In the current environment, phrases like “data security” and “privacy” come up in conversation—both electronic and interpersonal—with as much frequency, if not more, than names of sports fans’ favorite players, or tv fans’ favorite episodes of “The Pitt.” These issues have been hot topics since before the advent of strict regulations like the European Union’s GDPR and EU AI Act and existing data protection laws. Management and control of privacy and cyber security has become increasingly critical and costly in the context of recordkeeping, with particular attention to healthcare information, laws and regulations governing the protection of private information related specifically to medical diagnoses, treatments, medications, insurance coverage and anything else related to individual’s health—and specifically including mental health and substance abuse is sacrosanct.
''...one of the most pressing compliance challenges organizations face...''
Protecting personal data in healthcare, government and financial sectors has become one of the most pressing compliance challenges organizations face, requiring not only adherence to a complex network of frequently-changing laws, licensing requirements, and governance standards, but the careful selection of technologies and vendors capable of enforcing best practices—because without them, even well-intentioned compliance efforts can fail.
''...(requires) the careful selection of technologies and vendors capable of enforcing best practices...''
Both laws and regulations, as well as actual practices, are continuing to evolve to meet compliance obligations and simply what qualifies as good practice.
In most contexts, it’s important to note that some types of sensitive information qualify for special attention from a data security point of view. For example, under the U.S.’s HIPAA, information on some patient diagnoses, particularly those related to mental health and addiction, can be subject to additional levels of confidentiality, privacy and security, not to mention scrutiny to ensure compliance. Although obvious, it’s also important to note that such topics can be political “hot potatoes,” thus subjecting the security of such information to a moving target as political winds change. The bottom line in understanding what’s required to be protected and secured, is that it’s subject to change based on ideology. While the type of information to be protected may change, the need to secure that information does not.

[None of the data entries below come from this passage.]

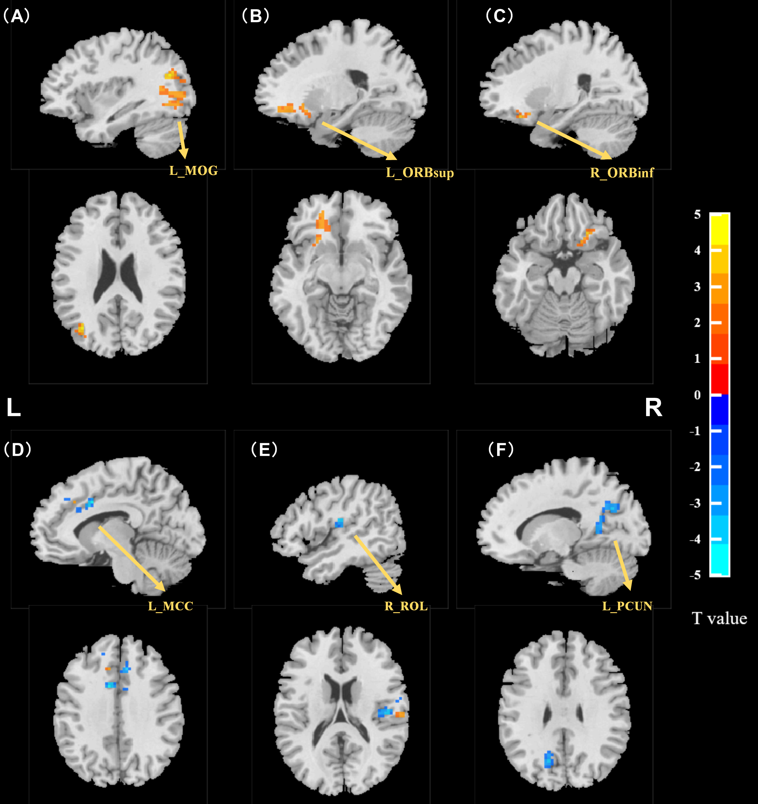MOG, middle occipital gyrus; ORBsup, superior frontal gyrus orbital part; ORBinf, inferior frontal gyrus orbital part; MCC, median cingulate and paracingulate gyri; PCUN, precuneus; ROL, rolandic operculum; MNI, Montreal Neurological Institute; zALFF, z-scored amplitude of low-frequency fluctuation.
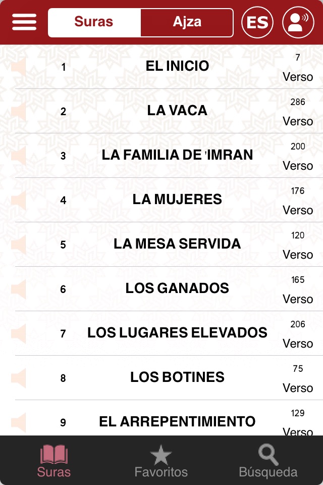 1. La aplicación cuenta con una interfaz que permite al usuario explorar el contenido en árabe y en español o en cada idioma por separado.
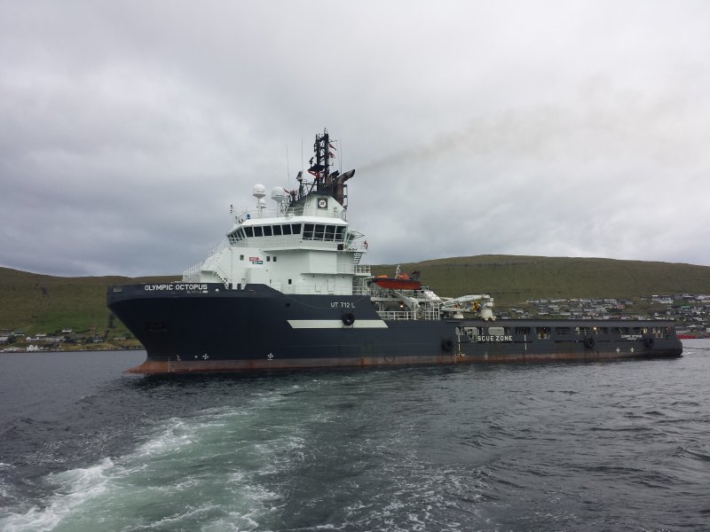 Med pittoreska färöiska byar i bakgrunden lämnar vi gamle Octopus bakom oss i fjorden...
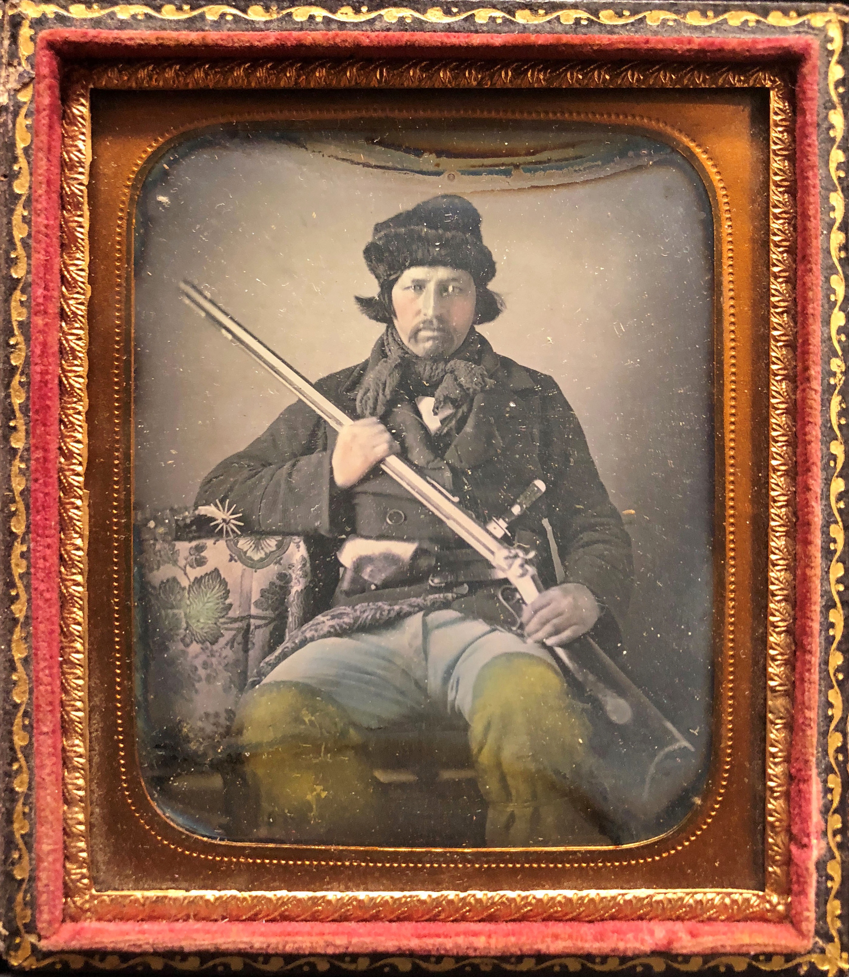 Under the Treaty of 1855, when he was 29, Brown became a United States citizen. Years later he found it impossible to live as such, and believing to have been cheated out of his property, he requested to resume his tribal relations. He eventually moved to the Wyandot reservation in Oklahoma. In this reproduction of the original daguerreotype, he is dressed for a bear hunt.
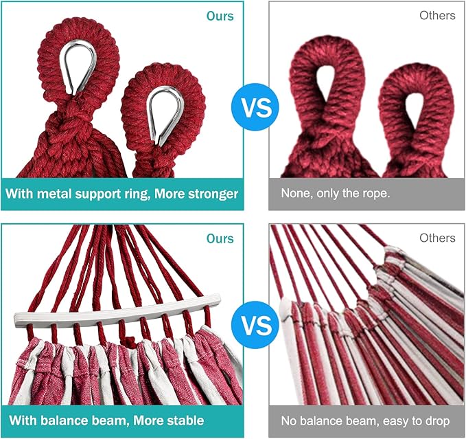 - 【Sturdy Metal Knot】The metal knot can prevent the long term friction between the knot and the tie rope. This prolongs the life of the tree hammock (extends the time limit by 50%). Additionally, the hammock comes with straps, ensuring a secure and stable attachment to trees.
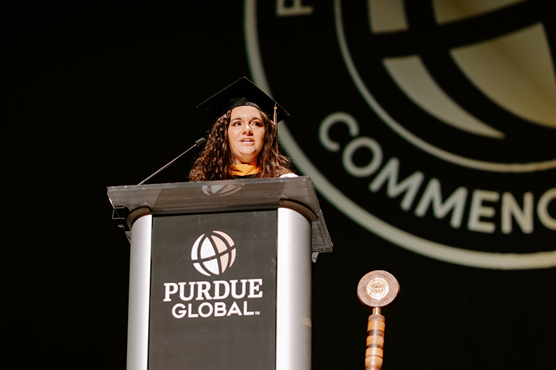Lauren Castrinos Bradford, an alumna of Purdue Global, delivers the keynote address on Saturday (May 6) during commencement ceremonies in West Lafayette, Indiana. (Purdue Global photo/Kelsey Lefever)
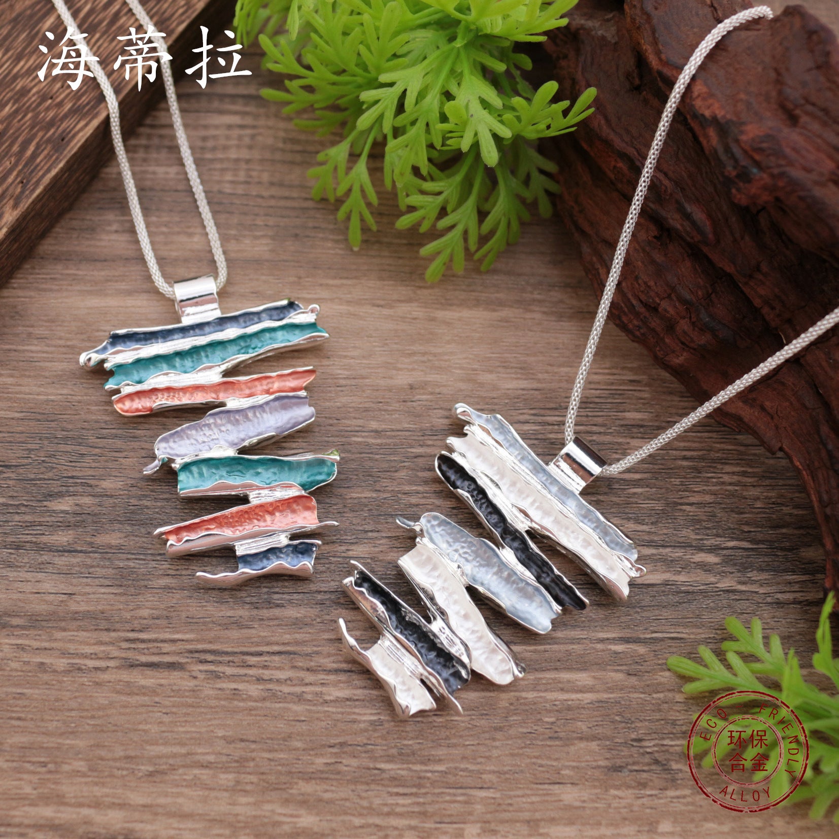 Wholesale Color Painting Oil Exaggerated Geometric Lines Long Pendant Necklace
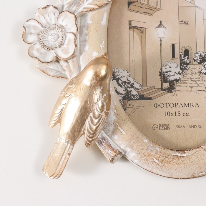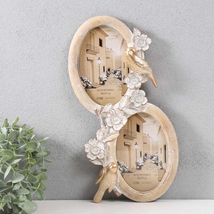 Фоторамка полистоун на 2 фото 10х15 см "Птицы и цветочная ветвь" белая 20,5х24 см
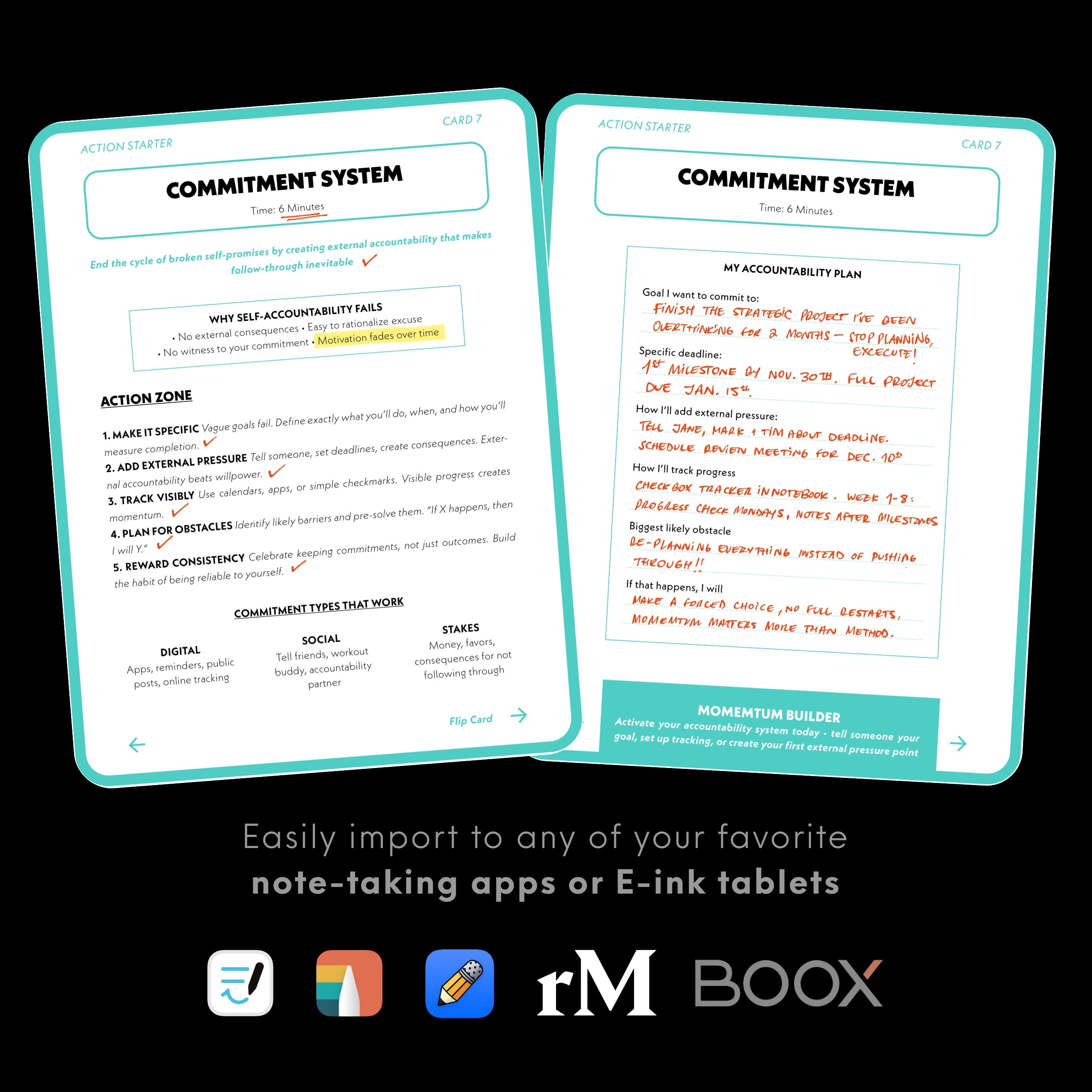 The cards are formatted as 5" x 7" PDFs optimized for e-ink tablets like reMarkable, but they'll work on any device that can display PDFs—including iPads, standard tablets, computers, or even printed on paper. For the best experience, we recommend using the digital cards with note-taking apps like Goodnotes, Notability, or Xodo. They're available in most app stores and are user-friendly.
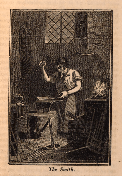 ‘The Smith’, in The book of English trades : and library of the useful arts : with seventy engravings (1818, reprinted 1956); also available online via HathiTrust
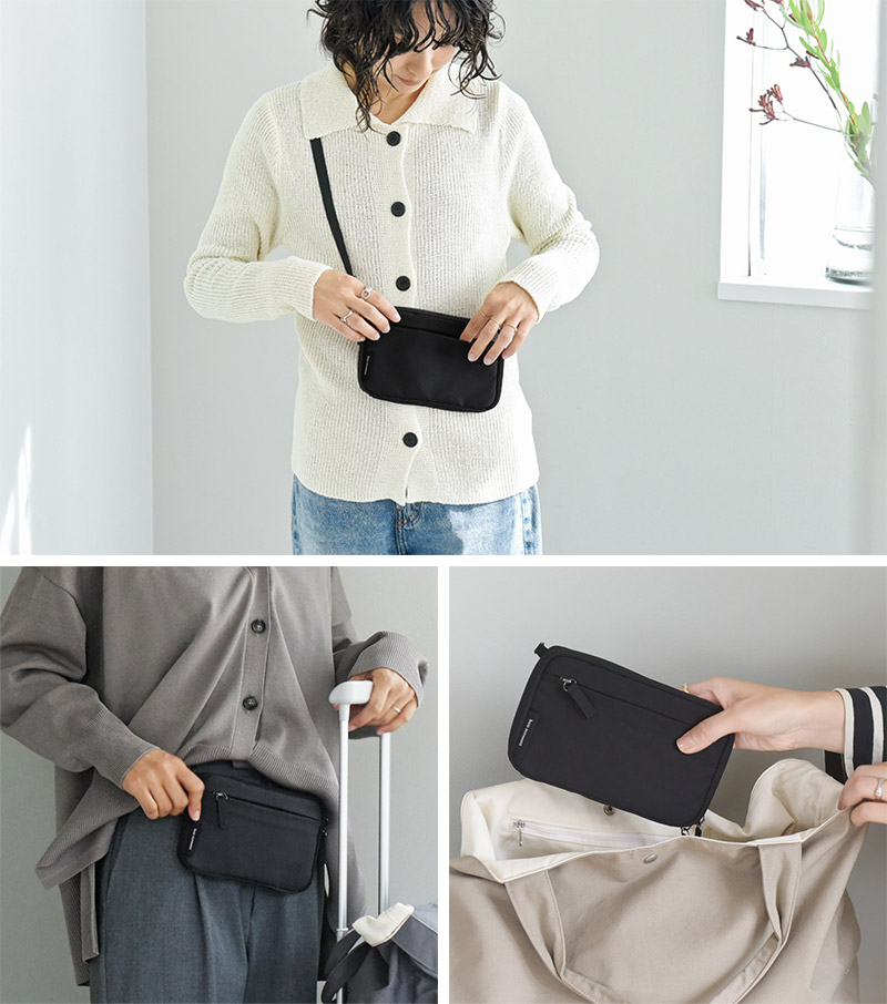 海外旅行では安全性重視で服の下に着用。国内旅行ではショルダーとしてもお使いいただける、デザイン性も追求しました。
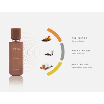 Celeste Toffee opens with delicious top notes of caramel and coffee, instantly awakening the senses with a sweet yet energizing aroma. As the scent settles, the heart notes of creamy milk and warm tonka bean add a smooth, comforting layer. Finally, the base notes of vanilla, honey, and white musk wrap the fragrance in a soft yet powerful finish, creating a well-rounded scent that evolves beautifully throughout the day.
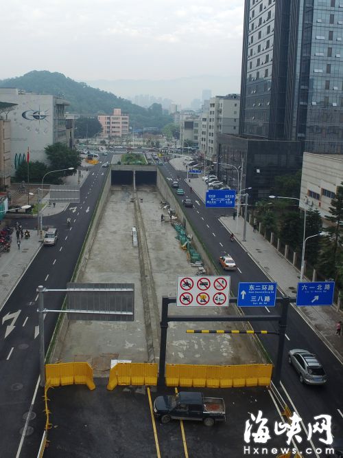 昨日,海都记者在省图书馆门前看到,湖东路上的隧道入口已建成,一旁的绿化、道路均已恢复。但由于隧道未完工,入口处只能用围挡封闭。
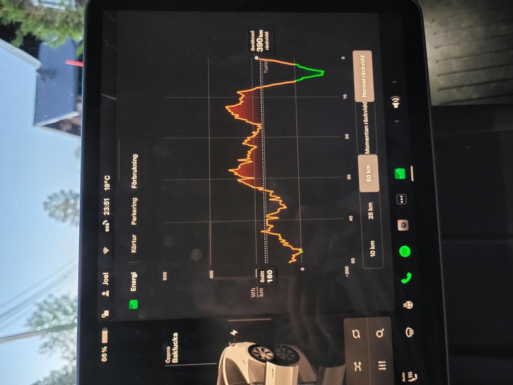 Vi behöver se laddningsnivå vid batterisymbolen + snitt + beräknad räckvidd på samma bild (med normal räckvidd).
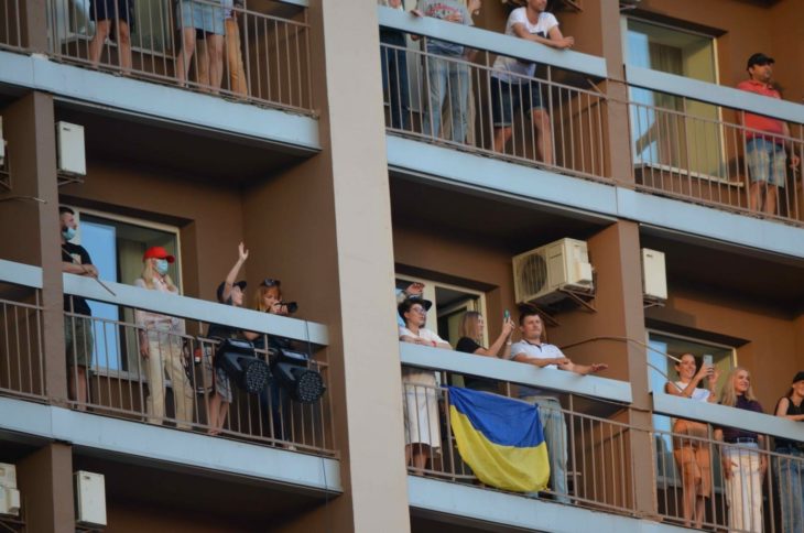 La banda de rock O.Torvald se instaló en el tejado de un edificio frente a los balcones del Hotel Bratislava en la ciudad de Kiev. Sus admiradores rentaron habitaciones por una noche y salieron a los balcones para disfrutar la música en vivo.
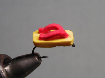 追加安い風呂マットの素材はPE(ポリエチレン)発泡が多いと思います。こっちは、特売なら\200かな(^.^) もちろん、PEでも十分に使えます。→バルタン星人の2号 参照。 EVAは油性マジックで、カンタンに色も付けられます。 ということで、この風呂マット(EVA)のフロート材を、「 BM-Float 」と呼ぶことにします。(BM=「Bath Mat」=風呂マット) 毎度、そのまんまの名前で、すみましぇ〜ん^^; ところで、なぜ、私が使い古しの風呂マットなんかを捨てないで持っているかというと、 この材料は便利なので、いろいろ利用していて、 → NOTE NO.8 今回のこととは関係なく、少しだけ在庫(切れ端)がありました。(^.^) ・・・今回作ってみたフロート材を使用したフライパターンは、また順次研究したいと思います。 ----------------------------------------------------------------------------- ◆オマケ ところで、EVAと言えば、靴やサンダルのソール(底)に多く使われています。 サンダルと言えば、海やプールで履くビーチサンダル。水辺で使用するので、水に浮くようになってます。 だから、フロートドライフライには最適なマテリアルですネ・・・ 「あ〜っ!」と、またバカなことを思いついてしまいました。思いついたことは、どうしてもやりたくなってしまいます。(笑) ・・・ ■参考出品 オリジナル フロートドライフライ 「B3」 ![]() 「B3」は、「ビーサン」と読んで下さい。 ( 注:「ビーサン」=ビーチサンダルの略称 ) このフライは実釣には使えません。いや、恥ずかしいからではなく、"アート"と"実用性"のギャップが・・・ って、バ、バカだねえ〜、ホントに。それにどう見ても、下駄だろ、これっ! |
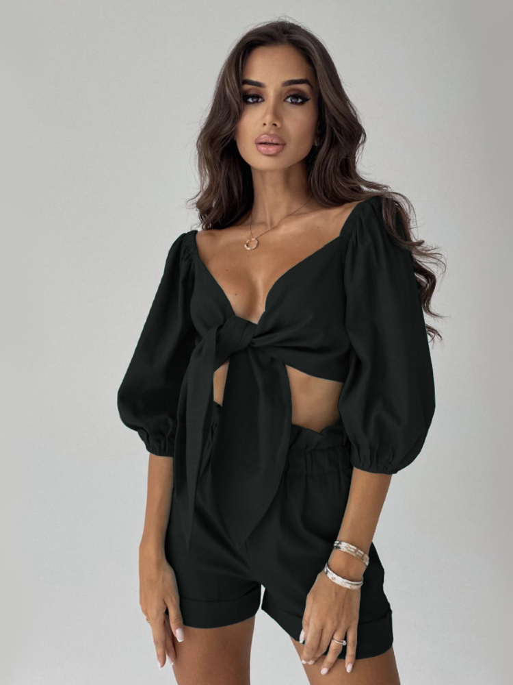2022Spring and Summer New Product Pure Color Fashion Sexy Cotton Linen Cardigan Top Pocket Shorts Casual Suit Set Woman 2 Pieces
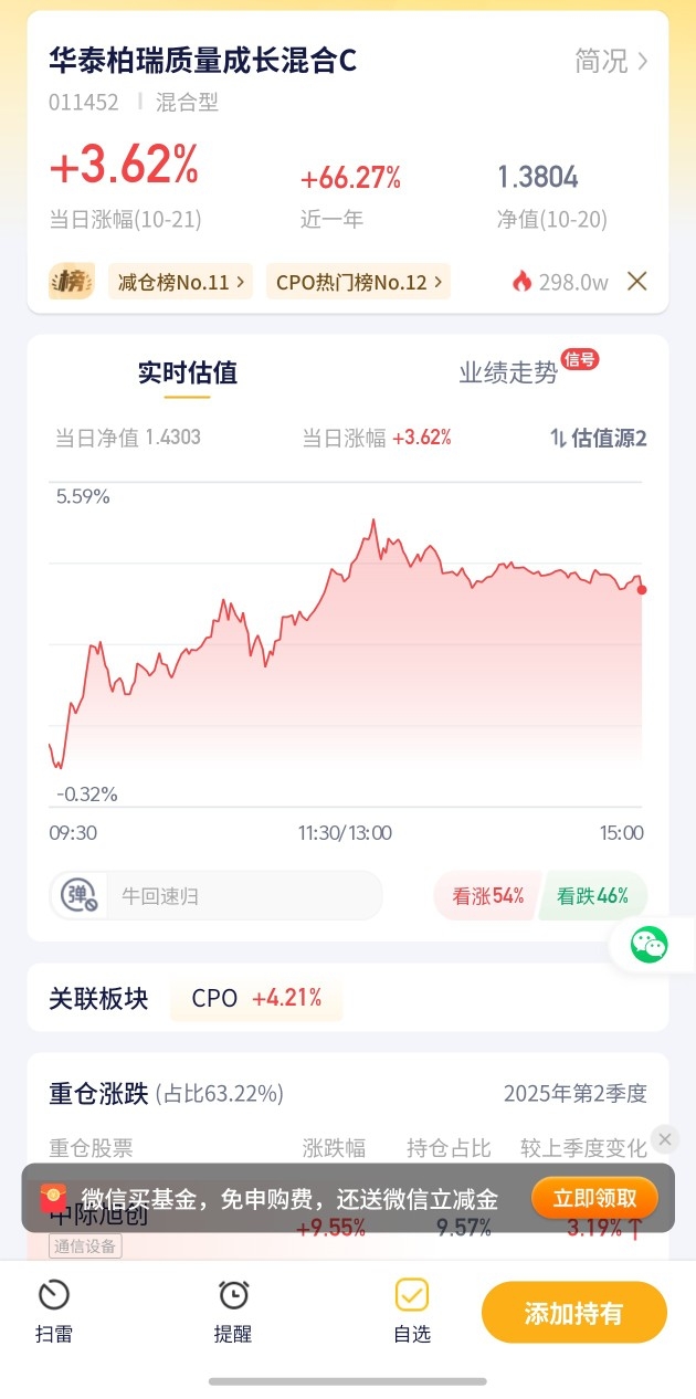 华泰柏瑞质量成长混合C今日预估涨3.62%!质量成长板块表现亮眼,这只基金涨势不俗,偏好成长风格的可多留意~

Compliance comes in as many varieties as a favorite brew pub has taps. Information regarding a person’s medical status, history and current conditions, providers and insurers, among others, is subject to various levels of scrutiny. Also, as has been mentioned previously, certain conditions, including those related to reproductive health and mental health issues, including substance abuse, may be subject to additional regulation and privacy concerns. In any case, the use, storage and auditability of any kind of electronic documentation regarding medical or personal information carries with it an absolute legal obligation for those who are relying on the technology to be aware, not only of the current regulatory requirements, but also to remain on top of such requirements so that when rules change, the provider is sufficiently nimble to accommodate those changes. One important caveat: simply because a provider indicates that its “solution” is capable of compliance, does not necessarily mean that the system is being operated in a compliant way. Consider this parallel: your car may be equipped with a working radio, but that does not necessarily mean that the radio is turned on. It’s precisely the same thing, so it’s important to not only understand the system’s capabilities, but its deployment as well.
''...simply because a provider indicates that its “solution” is capable of compliance, does not necessarily mean that the system is being operated in a compliant way.''
To put this in perspective, consider cloud-based fax products (not any one brand, but the technology itself). They enable entities that view and store medical records to enhance their practices in order to comply with federal and state/provincial laws. As with most things though, the devil can be in the details—both practically and contractually. Knowing where the vulnerabilities exist, even with a system that is compliant TODAY, is just the first step in managing the risk of use and storage of such information in the first place.
But it’s not the only step. Technologies that underlie such systems must be vetted and tested repeatedly and consistently to minimize exposure to unauthorized access and other vulnerabilities. It’s important to note that not only should testing and upgrades be systematically and randomly conducted, deployed, operated and updated, but funding for such work must also become routine as systems become both increasingly sophisticated and increasingly vulnerable. Federal laws and regulations have been designed to address some of these issues, as have state and provincial rules.
''...funding for such work must also become routine as systems become both increasingly sophisticated and increasingly vulnerable.''
The most pressing issue with regulating technology and managing compliance is that technologies evolve far quicker than the laws designed to regulate them. Then there’s the contract with the providing vendor(s). Where does liability fall when systems are breached? How about when there are multiple players in the space—that is, different vendors owning different parts of the overall system? How negotiable are these agreements? And, as entities become increasingly reliant on AI tools (for better or worse), who’s responsible when access to restricted data is breached, revealing information that is, by law, intended to be secure.
''...technologies evolve far quicker than the laws designed to regulate them.''
Evolving technologies have brought great economies and power to most sectors of the economy. But with particular respect to health care information, the risks are significant and as such, great care is required to minimize exposure.
As technologies evolve and regulations struggle to keep pace, protecting sensitive information requires more than compliance alone—it demands constant vigilance, informed oversight, and a willingness to adapt systems, practices and contracts as risks change. Organizations that treat data security as an ongoing responsibility rather than a one-time obligation will be best positioned to safeguard the trust placed in them.